在大模型时代，混合专家模型（MoE）因其固有优势——在不显著增加计算开销的情况下扩大模型容量——而成为一种受欢迎的架构。然而，实现这些好处往往会导致GPU内存利用率低下，因为在推理过程中大部分模型参数保持不活跃。此外，大型模型对内存的需求持续超过现代GPU的内存容量。针对这一问题，我们引入了SiDA（受稀疏性启发的数据感知），这是一种为大型MoE模型量身定制的高效推理方法。SiDA巧妙地利用了系统的主内存——现在主内存已经变得充裕且易于扩展——以及GPU内存，通过利用MoE模型中专家激活的固有稀疏性。通过采用数据感知的视角，SiDA实现了模型效率的显著提升，同时性能损失可以忽略不计。具体来说，SiDA在MoE推理中实现了显著的加速，达到了高达 $3.93\times$ 的吞吐量增加、高达 $75\%$ 的延迟减少和高达 $80\%$ 的GPU内存节省，同时性能损失降至 $1\%$ 。这项工作为大型MoE模型的可扩展和高效部署铺平了道路，即使是在内存受限的系统中也是如此。

^†^†footnotetext: ¹Anonymous Institution, Anonymous City, Anonymous Region, Anonymous Country. Correspondence to: Anonymous Author <anon.email@domain.com>.
匿名机构，匿名城市，匿名地区，匿名国家。联系人：匿名作者。

1 Introduction 一、引言

Recently, rapid advances in large models with shocking performance have surprised the community in several areas, such as vision (Ramesh et al., 2022; Kirillov et al., 2023; Saharia et al., 2022), language (Brown et al., 2020; OpenAI, 2023; Smith et al., 2022), decision making (Yang et al., 2023), and robotics (Vemprala et al., 2023). For example, GPT-4 has demonstrated its capability that is comparable or even exceeds human-level understanding on several tasks (OpenAI, 2023), and DALLE $\cdot$ 2 can generate astonishing high-quality images. The outstanding performance of large models heavily relies on the outrageous number of parameters, namely the scaling law (Kaplan et al., 2020). Broadly speaking, the scaling law asserts that as the model size increases, various characteristics such as training loss, test performance, and the amount of required data exhibit predictable scaling behaviors.
近期，在多个领域内，大型模型取得的快速进展以及令人震惊的性能已经让整个社区感到惊讶，这些领域包括视觉（Ramesh 等人，2022年；Kirillov 等人，2023年；Saharia 等人，2022年）、语言（Brown 等人，2020年；OpenAI，2023年；Smith 等人，2022年）、决策制定（Yang 等人，2023年）以及机器人技术（Vemprala 等人，2023年）。例如，GPT-4 展示了其在多项任务上与人类水平相当乃至超越人类理解能力的潜力（OpenAI，2023年），而 DALLE 2 能够生成令人惊叹的高质量图像。大型模型的卓越性能在很大程度上依赖于庞大的参数数量，即所谓的规模定律（Kaplan 等人，2020年）。广义上讲，规模定律指出，随着模型大小的增加，训练损失、测试性能和所需数据量等各种特性表现出可预测的规模行为。

Refer to caption — Figure 1: Diagram Showcasing the Architecture of MoE-based Transformers. Within each MoE layer only a limited number of experts are activated for inference.
图1：展示基于MoE的变换器架构的示意图。在每个MoE层中，仅有限数量的专家被激活用于推理。

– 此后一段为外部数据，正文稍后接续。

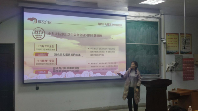 青马班的开班仪式由团学办主任许东辉发表开班词。全体老师和青马班成员为成功开班唱团歌。随后,由党总副书记魏柳燕授予班主任许东辉班旗,从而标志着开班仪式的圆满完成。许东辉主任上台讲话,表述了我院坚持用马克思主义中国化的最新成果武装青年,挖掘并打造更加优秀的青年知识分子的坚定信念,并表达了对各位同学深入学习、加强锻炼,成为中国特色社会主义事业合格建设者和可靠接班人热切期盼。最后,卫柳艳副书记上台围绕“十九届五中全会”进行了第一节理论知识的讲解。
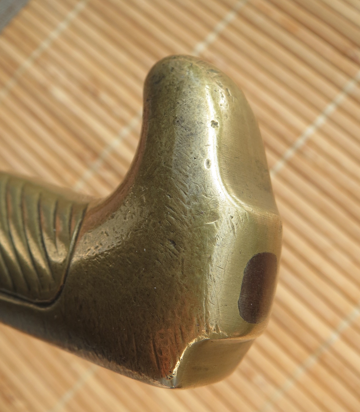 Die Naht der Lederscheide ist leider offen, Mundblech und Messingspitze mit Abnahmemarken.
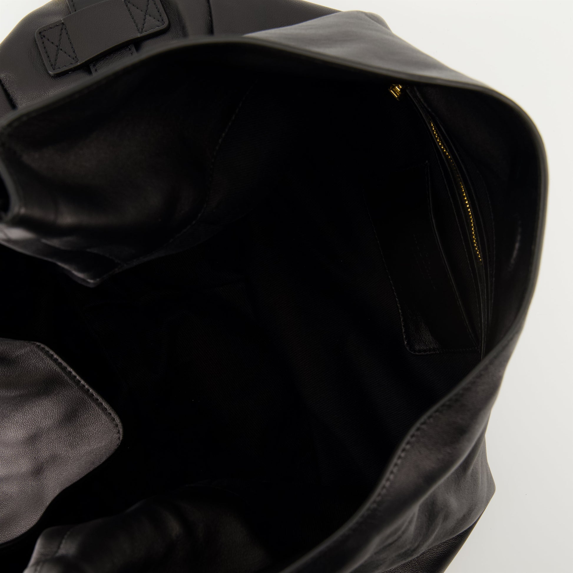 The black Sac Handle Me medium from Moschino is an elegant accessory for women. It is part of the Spring-Summer 2025 collection, made from lamb leather with golden finishes.
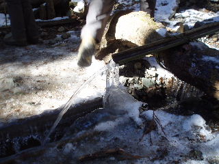 | 周囲は氷柱上に凍っていますが、しっかり流れています。 | ||||
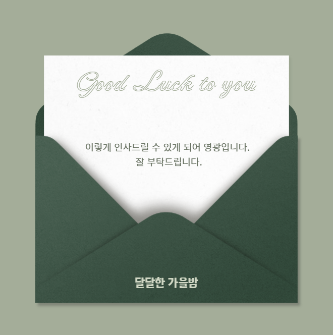 “이렇게 인사드릴 수 있어 감사드립니다. 부족하지만 예쁘게 봐주시면 감사하겠습니다.”
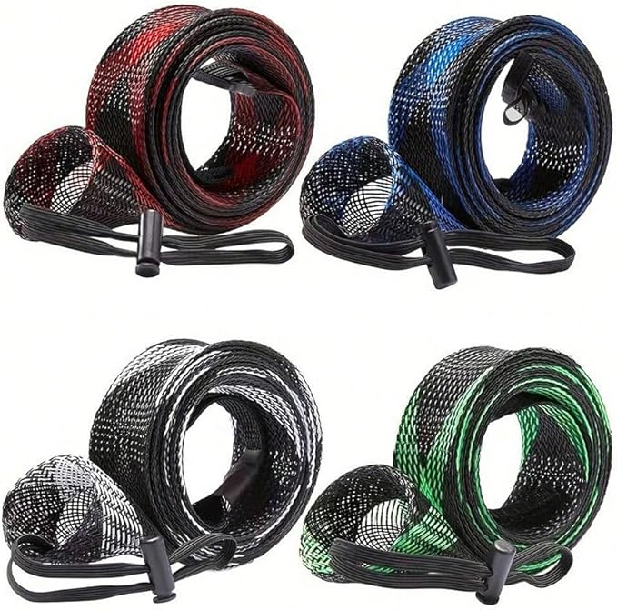 このロッドスリーブは、様々な長さの釣り竿に対応し、傷や損傷を防ぐために設計されています。耐久性の高いPET素材を使用し、車載時やボート上でのロッド保護に最適です。持ち運びが簡単で、釣り場への移動やロッド収納時にも便利です。湿気が溜まりにくいメッシュ仕様で、ロッドをしっかりと守ります。

Mixture-of-Experts (MoE), a classical model architecture, enjoys the advantage that naturally fits the era of large models. MoE can improve the model’s performance by drastically increasing the number of parameters while only incurring little computational overhead. Although the number of parameters involved in the forward pass of an MoE model remains almost unchanged, research (Fedus et al., 2022) suggests that augmenting parameter counts using the MoE architecture still conforms to the scaling law. Encouraged by the advantage, many MoE-based large models have been proposed and achieved overwhelming performance in computer vision (Li et al., 2023a; Riquelme et al., 2021; Xue et al., 2022), natural language processing (Shazeer et al., 2017; Fedus et al., 2022), Specifically, the Sparsely-Gated Mixture-of-Experts (Shazeer et al., 2017) layer scales LSTM models to 137 billion parameters, which improves the model capacity by $1000\times$ with marginal computational overhead increase. Switch Transformers (Fedus et al., 2022) scale to 1.6 trillion parameters with the same perplexity as T5-XXL (Raffel et al., 2020) while $4\times$ speedup during inference. However, the success of MoE comes with sacrifices in effective GPU memory utilization, incurring large memory occupation while only a small fraction of parameters residing in the memory are effective for inference of the current batch. Fig. 1 depicts the architecture of MoE-based transformers, where only a small portion of experts are activated in each MoE layer during each inference.
专家混合模型（MoE），一种经典的模型架构，自然而然地适应了大模型时代的优势。MoE能够通过大幅增加参数数量来提升模型性能，同时只引入少量的计算开销。尽管MoE模型前向传播中涉及的参数数量几乎保持不变，但研究（Fedus等，2022年）表明，使用MoE架构增加参数数量仍然符合规模化定律。受到这一优势的鼓舞，许多基于MoE的大型模型被提出，并在计算机视觉（Li等，2023a；Riquelme等，2021；Xue等，2022）、自然语言处理（Shazeer等，2017；Fedus等，2022）等领域取得了压倒性的性能。具体来说，稀疏门控的专家混合模型（Shazeer等，2017）将LSTM模型扩展到了1370亿参数，以极小的计算开销增加提高了模型容量。Switch Transformers（Fedus等，2022）扩展到了1.6万亿参数，在推理过程中与T5-XXL（Raffel等，2020）保持相同的困惑度，同时实现了加速。然而，MoE的成功牺牲了有效GPU内存利用率，在只有一小部分参数对当前批次的推理有效的情况下，导致了大量内存占用。图1展示了基于MoE的变换器架构，其中每个MoE层在每次推理中只激活了一小部分专家。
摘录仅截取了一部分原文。